Pour repenser la place des seniors dans le monde professionnel, six mesures peuvent être aisément mises en pratique en entreprise :
1- Comprendre les points bloquants et les besoins en ressources
Cela suppose d’observer les pratiques en ressources humaines mises en place, les aspirations, mais aussi la culture d’entreprise, le contexte économique ou encore l’histoire de l’organisation. Tout ceci va permettre d’identifier la matière vivante de l’organisation. Ce premier moment est décisif, car il doit permettre de saisir le lien de l’entreprise avec les compétences et ressources humaines, de manière générale et de manière plus précise, autour de la relation avec les seniors. L’approche va consister à organiser des entretiens individuels avec les acteurs représentatifs de l’entreprise, toutes fonctions confondues. Dans un second temps, on pourra mettre en scène des groupes de travail visant à alimenter la réflexion autour de sujets-clés comme les besoins en compétences, ou encore le regard porté sur l’autre. Tout ce travail sera alimenté par une analyse des données internes pour y voir plus clair dans les axes partagés.

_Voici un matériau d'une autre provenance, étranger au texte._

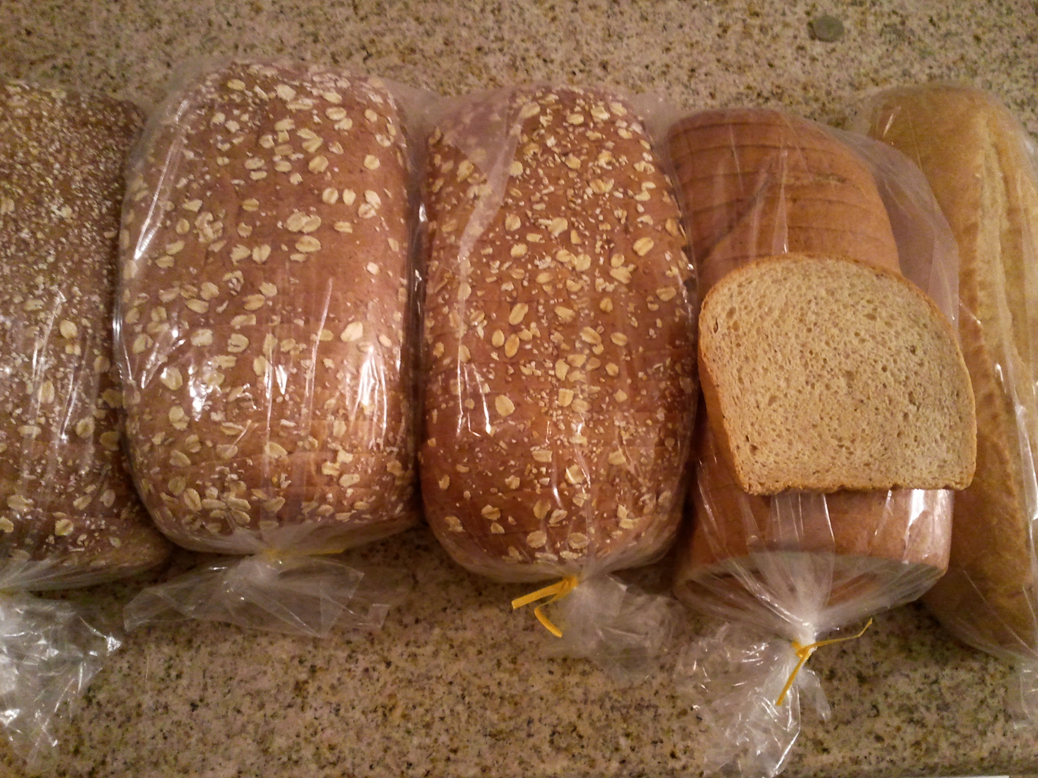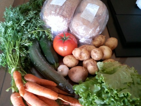 I picked a cucumber, micro cilantro, red potatoes #2 (non-perfect potatoes), raisin walnut bread, special spelt bread, radishes, green beans, and pink lady apples. All delicious! We really, really love the bread.

2-Mettre en œuvre un programme de mobilisation interne et une task force
De cette étape d’écoute et de construction découle le temps de la restitution collective pour créer un lien avec l’ensemble des personnes mobilisées. Il sert à partager l’avancement et éviter l’effet tunnel (un moment long entre l’implication et les résultats visibles). Cette restitution va symboliquement donner des éléments pour partager un constat mais aussi commencer à dessiner les premiers éléments de trajectoire. A ce stade, il faudra bâtir un plan d’actions en fonction des axes prioritaires décidés et constituer une équipe de choc pour suivre, mettre en œuvre, relayer les actions visant à ouvrir l’entreprise aux seniors. Le choix de cette équipe devra respecter des critères de représentativité des métiers, des âges, et assurer un équilibre entre les convaincus et les plus neutres.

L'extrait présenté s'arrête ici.